Please find the rest of TYDA C binaries here. [c binaries](https://www.dropbox.com/scl/fo/8tf0kbz53ht6b7denjxw4/ACi8QnM3hWqx9aby9Jfj1zU?rlkey=5g890rysfjozektbpkgnomxw8&dl=0).


<br>

## Setup

Make sure you install `torch`, `torch_geometric`, `pyvex`, and `elftools`.
It is recommended that you use `conda` to manage your environment.
CUDA is supported during the training and testing process.

To use the provided `environment.yml`, please use

```
conda env create -f environment.yml
```

This will create a conda environment called `TYGR`.
You can then call

```
conda activate TYGR
```

to activate it.
It is expected that you may need to install different versions of the
above libraries (e.g. `torch_geometric`).
In this case, you should manually install the dependencies.

## How to use

Please find trained models in `model` folder.

### 1. Dataset Generation

To test a model or train a new model, first try to generate dataset from binaries:

```
./TYGR datagen PATH/TO/YOUR/BINARY DATASET.pkl
```

Make sure the binaries being used in this stage is properly compiled with DWARF
information available.

Note that one can specify a `--method` flag which defaults to `glow`, representing
our best model.
To try out other methods like Transformer or BiLSTM, you should feed another flag
to the datagen process to generate data suitable for the corresponding method.

If the binaries are larger than 1MB I would suggest to run in parallel mode since ANGR is slow. You should be able to specify the number of processors in `src/methods/glow/datagen.py`. Be careful about the memory usage as ANGR may explode your memory. 

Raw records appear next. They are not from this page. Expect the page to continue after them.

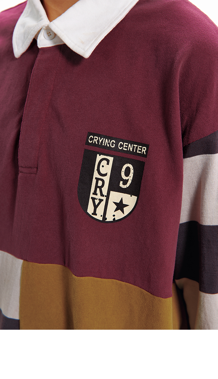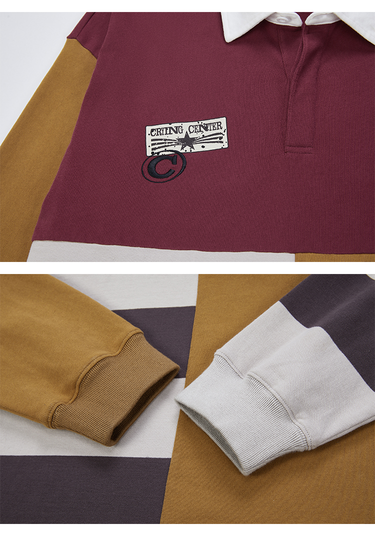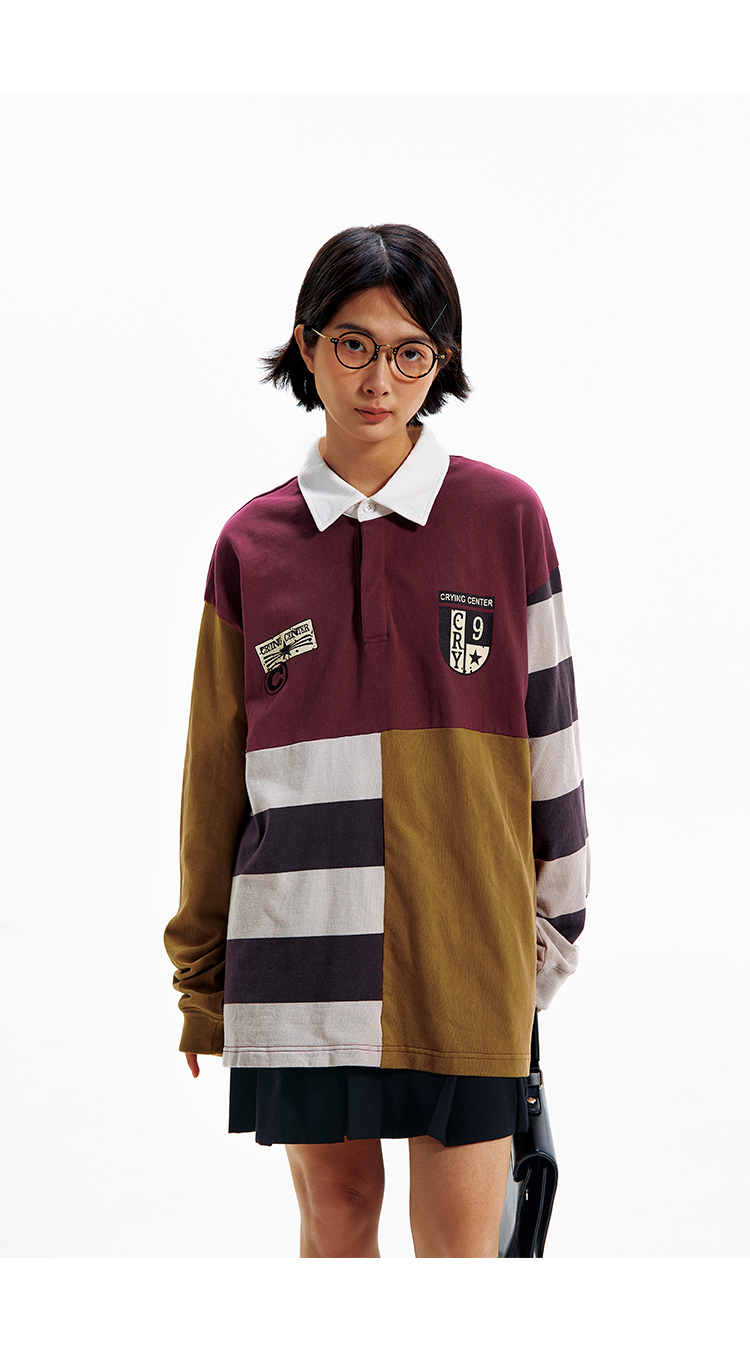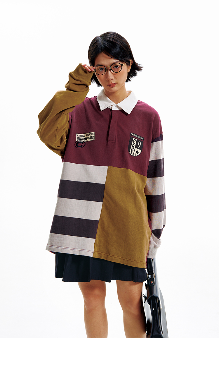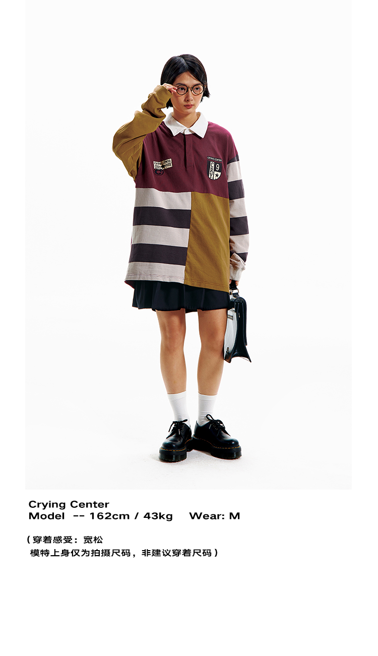 CryingCenter 条纹复古拼色学院polo衫男女同款 哭喊中心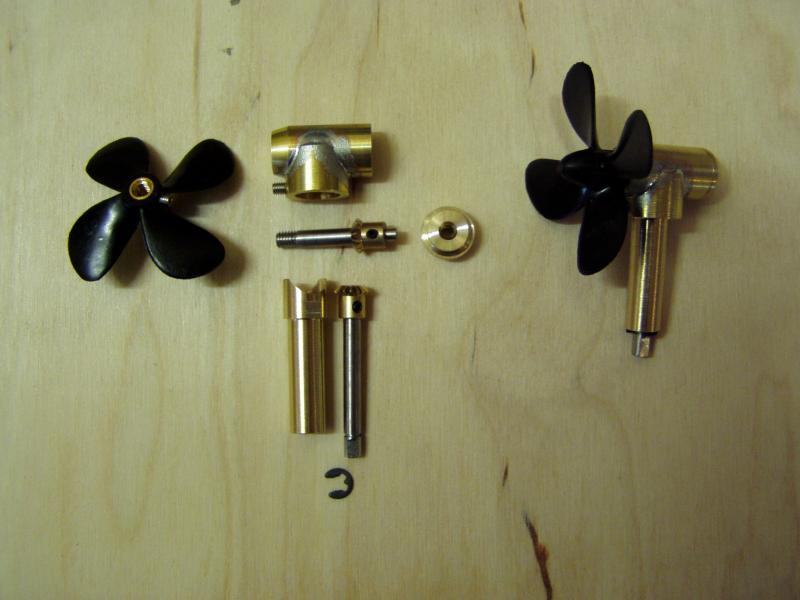 Als Nächstes widmete ich mich dem Schottelantrieb. 2 Kegelzahnräder Modul 0,5, 2 Vierblattpropeller Graupner, 45 mm Durchmesser, ein paar Drehteile aus Messing und V2A.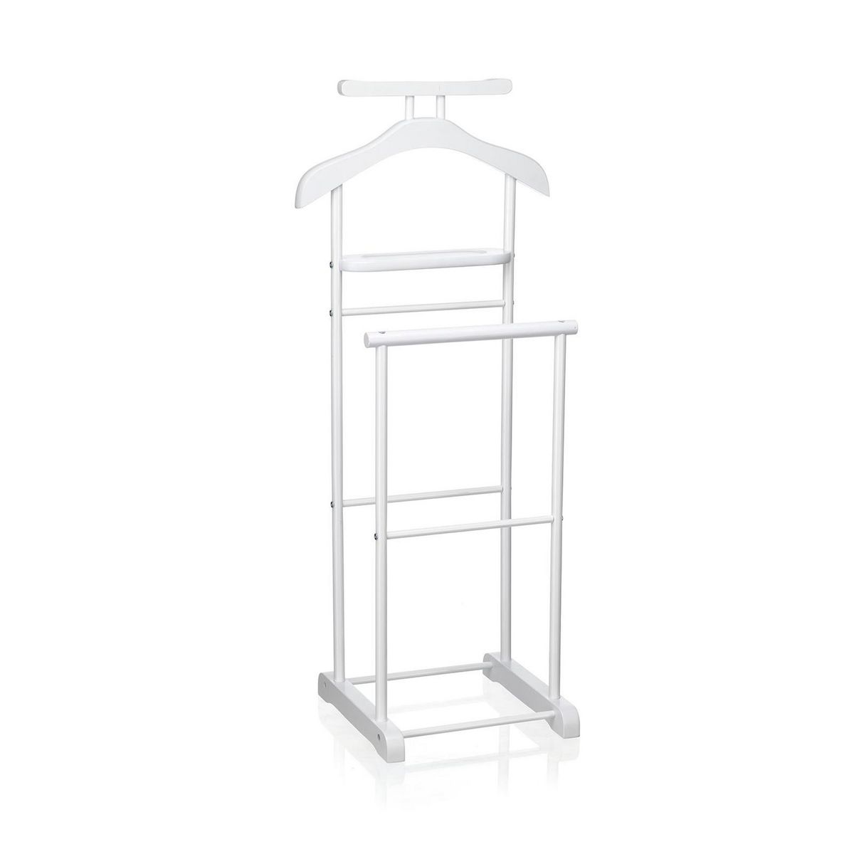 - Le valet est constitué d'élements en panneaux de fibres de bois de moyenne densité de coloris blanc mat et sa structure est en métal laqué blanc également.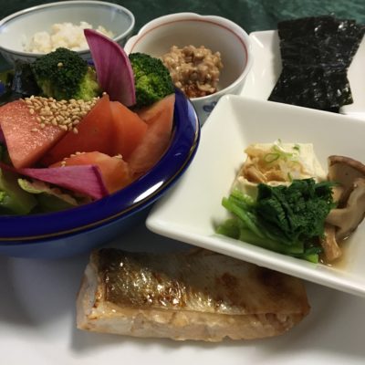 桜鱒のオリーブソテー、温奴と菜花のお浸し、サラダ、胡麻納豆。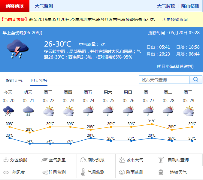 一年一度的“5·20”又來了,深圳近年來5月20日當(dāng)天局部暴雨以上的降雨的風(fēng)險較高。果然,受冷空氣影響,今天白天全市有降雨,局部地區(qū)降雨量級可達(dá)到大雨到暴雨,并伴有雷暴和8級左右短時大風(fēng),天氣較劇烈,雷雨過程恰逢周一上班,市民注意合理安排出行。氣溫在25℃-29℃,高溫暴曬天氣緩解。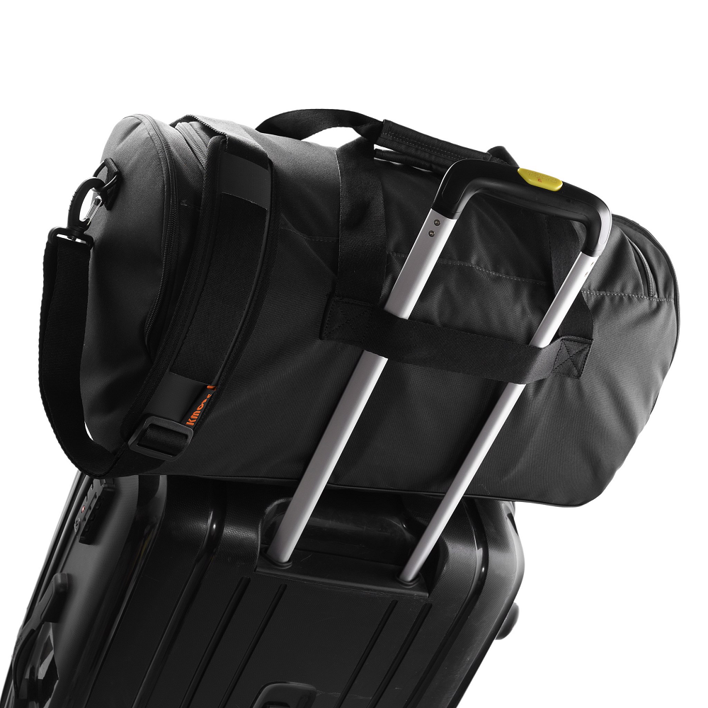 Logo chính thương hiệu được may nổi lên thân chính của túi. Phía sau túi được thiết kế một dây đai để gắn vào tay kéo va li, giúp cho những chuyến đi của bạn thêm tiện lợi và dễ dàng hơn.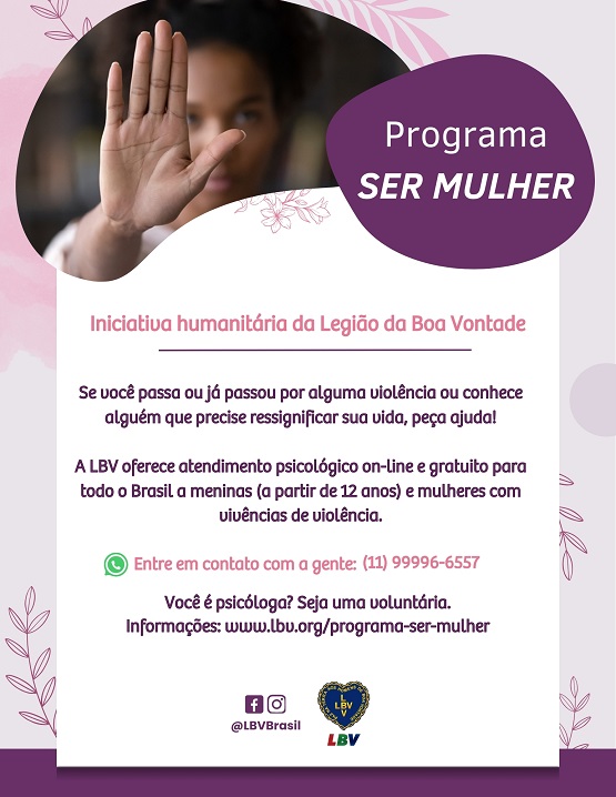 - Apoio psicoterapêutico: Para pessoas que vivenciam ou já vivenciaram situações de violência e vulnerabilidade extrema, a LBV disponibiliza o programa Ser Mulher , direcionado a pessoas do gênero feminino a partir dos 12 anos, oferecendo até 30 atendimentos psicológicos semanais on-line e gratuitos, além de orientação social. Os atendimentos também se estendem aos filhos e filhas de mulheres que vivenciaram situações de violência de gênero.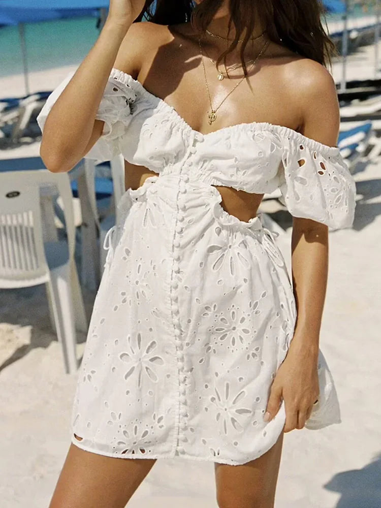 qgtao Gypsylady White Boho Sexy Mini Dress Summer Vocation Puff Sleeve Hollow Out Backless Ruffles Party Women Dresses Ladies Vestidos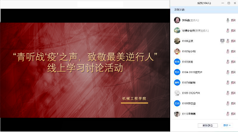 为深入学习贯彻习近平总书记勉励北京大学援鄂医疗队全体“90后”党员回信精神,雷竞技raybet官网版下载号召全校广大团员青年向战疫一线的青年榜样看齐,主动担起历史使命,从而引导学生认识时代英雄,让学生汲取成长养分和奋斗力量、传承民族精神,机械工程学院学生在聆听了王东博,孟凡莹,黄东来,殷乐四位英雄的抗疫事迹后,参加了我院开展的“青听战‘疫’之声,致敬最美逆行人”线上活动。

You can combine different datasets by using the `datamerge` command:

```
./TYGR datamerge DATASET1.pkl DATASET2.pkl -o MERGED.pkl
```

Then you can use `scripts/split_model_pkl.py` to parse the dataset for MODEL_base and MODEL_struct.

Lastly, you can split the dataset into training, validation, and testing sets

```
./TYGR datasplit MERGED.pkl --train TRAIN.pkl --validation VALID.pkl --test TEST.pkl
```

By default, we use 80% of the data on training, 10% for validation and 10% for testing.
You can change this by feeding more command line flags.
Please consult `./TYGR datasplit --help` for more information.

### 2. Training & Testing

You can train a new model given that you have the dataset setup.
Then you should use

```
./TYGR train TRAIN.pkl VALID.pkl -o MODEL.model
```

Make sure you feed a desired `--epoch`, `--lr`, and `--method`.
The training won't take very long for our default (best) model.
The best model, as determined by the validation set, will be stored along the way,
named `MODEL.model.best`.
The final model will be stored using the provided name.

To test the trained model, simply do

```
./TYGR test MODEL.model TEST.pkl 
```

where `TEST.pkl` is the testing dataset and the `MODEL.model` is the trained model generated
by the training process.
If `--method` is specified during datagen and training phases, make sure you pass in the same
flag for testing as well.

<br>

# Function deduplication

TYDA data set still contains duplicate functions.

Please use the `scripts/angr_func_hash.py` to get the list of duplicate functions, every function in the same hash are duplicate functions.

During `datamerge`, skip functions in the duplicate list.